The first step was establishing power and communication connections between the Alif AI/ML AppKit and a development computer via micro-USB. This connection supplied power to the board and created a virtual COM port (/dev/ttyACM0 or /dev/ttyACM1) for serial communication. The virtual COM port was used for debugging, system monitoring, and data exchange, allowing us to receive system logs, error reports, and AI inference results in real-time. To ensure proper communication, we configured UART ports, enabling reliable data transfer between the development environment and the embedded system.
Once basic communication was established, we integrated external peripherals, including the MT9M114 MIPI CSI camera module and the ILI9806E MIPI DSI display (480×800 resolution). However, both required custom configurations to function properly with Zephyr RTOS.
The MT9M114 camera module did not have out-of-the-box support for Zephyr RTOS, requiring custom driver adaptations. The camera communicated with the processor via I2C, and we had to configure the I2C interface correctly to allow the camera to send image data to the AI processing pipeline. Additionally, we modified the device tree configuration to properly register the camera with the system. Debugging involved analyzing chip ID recognition logs, adjusting power settings, and fine-tuning initialization sequences.
The ILI9806E display module also required custom device tree modifications. The display needed proper GPIO mappings for backlight control and reset sequences to function correctly. To verify the display output, we enabled test patterns to check for correct pixel synchronization and interface timing. After making these adjustments, the display successfully rendered real-time AI inference results.
Development Environment
The Alif Security Toolkit (SETOOLS) was installed to securely flash compiled binaries onto the Alif Ensemble E7, so AI applications could be written to MRAyj M and external OSPI flash storage. Since some AI models were too large to fit entirely in internal SRAM, we configured memory partitions to allow models to run efficiently from external flash.

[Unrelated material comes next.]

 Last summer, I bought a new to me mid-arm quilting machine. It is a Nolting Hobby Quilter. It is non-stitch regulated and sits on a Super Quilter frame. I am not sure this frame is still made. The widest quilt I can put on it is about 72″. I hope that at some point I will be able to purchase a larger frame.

We installed the ARM Clang compiler and the GNU GCC toolchain for compilation. Since Zephyr RTOS 3.6.0 has compiler-specific optimizations, we manually adjusted toolchain configuration files for compatibility with Cortex-M55 cores.
Our team used CMake as a build system to organize and compile different AI applications separately. Since the project involved multiple AI tasks – Keyword Spotting (KWS), Image Classification, and Speech Recognition – we needed separate build directories for each use case. This prevented compilation conflicts and unnecessary rebuilds.

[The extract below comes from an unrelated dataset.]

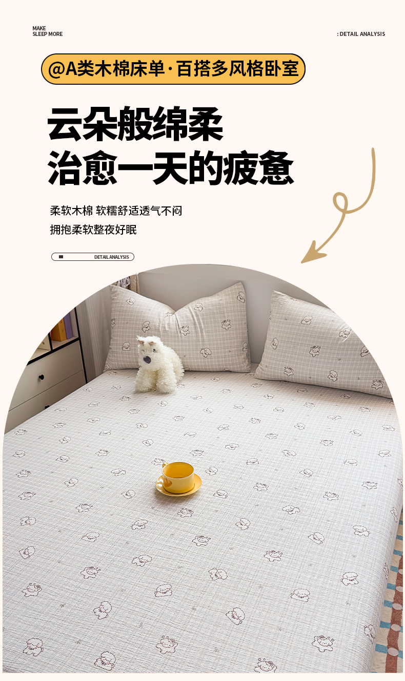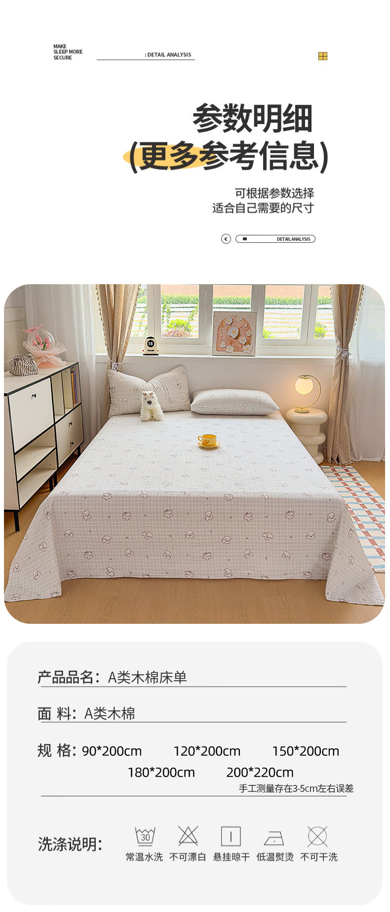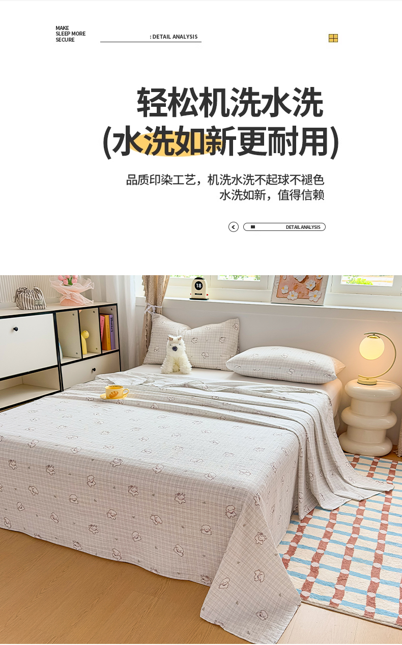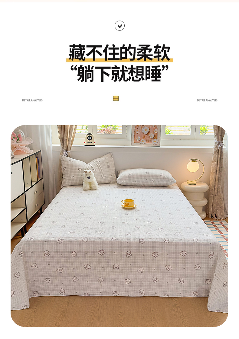 (总)麦乐迪 2025新款A类云感双层纱印花床单,清欢-兰,薄荷小狗,春日花笺,复古堇花,格趣小狗,海洋日记,浅海花影,棕熊条纹灰,棕熊条纹棕,粉漾花兔,花语白兔,漫花,萌趣乐园,密林,南栀,芊影,青趣萌狗,清欢-咖,汪仔派-咖,汪仔派-紫,殷桃结-咖,殷桃结-绿,悠然-咖,悠然-兰,月野兔-粉,湛蓝萌犬,月野兔-灰

To optimize AI models for execution on the Ethos-U55 NPU, we installed TensorFlow Lite (TFLite) and the Vela Compiler. Vela was responsible for transforming AI models to match the hardware’s memory constraints and computational capabilities for faster inference.
During setup, we encountered environment configuration issues where the system did not recognize some development tools due to missing environment variables. Our team resolved this by creating custom scripts to correctly set system paths for both Linux and macOS.
AI Model Integration
Our team used pre-trained AI models, including:
- MobileNet V2 for image classification
- MicroNet for keyword spotting, anomaly detection, and visual wake word detection
- Wav2Letter for automatic speech recognition (ASR)

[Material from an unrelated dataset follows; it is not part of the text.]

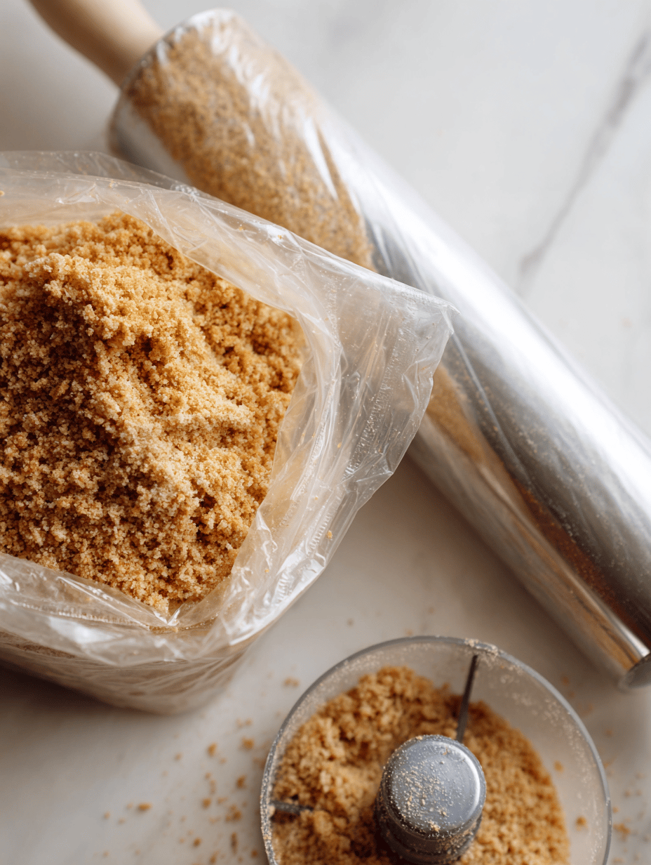 Crush the cookies into fine crumbs using a plastic bag and rolling pin or a food processor, leaving some larger pieces for crunch.

- YOLO Fastest for real-time object detection
- RNNoise for noise suppression
Since these models were originally designed for larger computing environments, they required further optimization before they could run efficiently on an embedded AI platform.
Using the Vela Compiler, our team optimized these TFLite models for execution on the Ethos-U55 NPU. This included adjusting model layers, reducing memory overhead, and optimizing execution scheduling. We tested different configurations, including H128 and H256 settings, for the best balance of speed and accuracy.
Due to memory limitations, we had to store larger models in external OSPI flash, modifying linker scripts to enable memory-mapped execution to avoid memory bottlenecks.
Building & Deploying Applications
Each AI task required a separate application binary to be compiled and flashed onto the Alif Ensemble E7. We used CMake to define specific build parameters for each AI application, targeting either M55-HE (High-Efficiency Core) or M55-HP (High-Performance Core), depending on workload requirements.
After compiling, we generated .bin firmware files and used SETOOLS to flash them onto the Alif Ensemble E7 to execute each application directly on the hardware.
To avoid performance issues, our team implemented multi-core task management policies, where AI workloads were distributed efficiently across the M55-HE and M55-HP cores.
Debugging & Optimization
Our team validated execution using UART logging, allowing us to monitor real-time AI inference results. For multi-core debugging, we configured J-Link with Segger Studio, enabling us to track execution across both M55-HE and M55-HP cores.
Also, to improve performance, we preloaded key AI model layers into MRAM, reducing latency. Dynamic voltage scaling was also implemented to minimize power consumption.
Delivering an AI Demo
The final system successfully demonstrated real-time AI inference for keyword spotting, speech recognition, image classification, and object detection.
To make it possible, our team implemented an LVGL-based GUI, allowing users to select and run AI models. The system was fully standalone, executing all AI tasks directly on the Alif Ensemble E7 without external hardware or cloud processing.
With such scalable architecture, the platform was designed for future AI model integration, allowing for continuous expansion and development.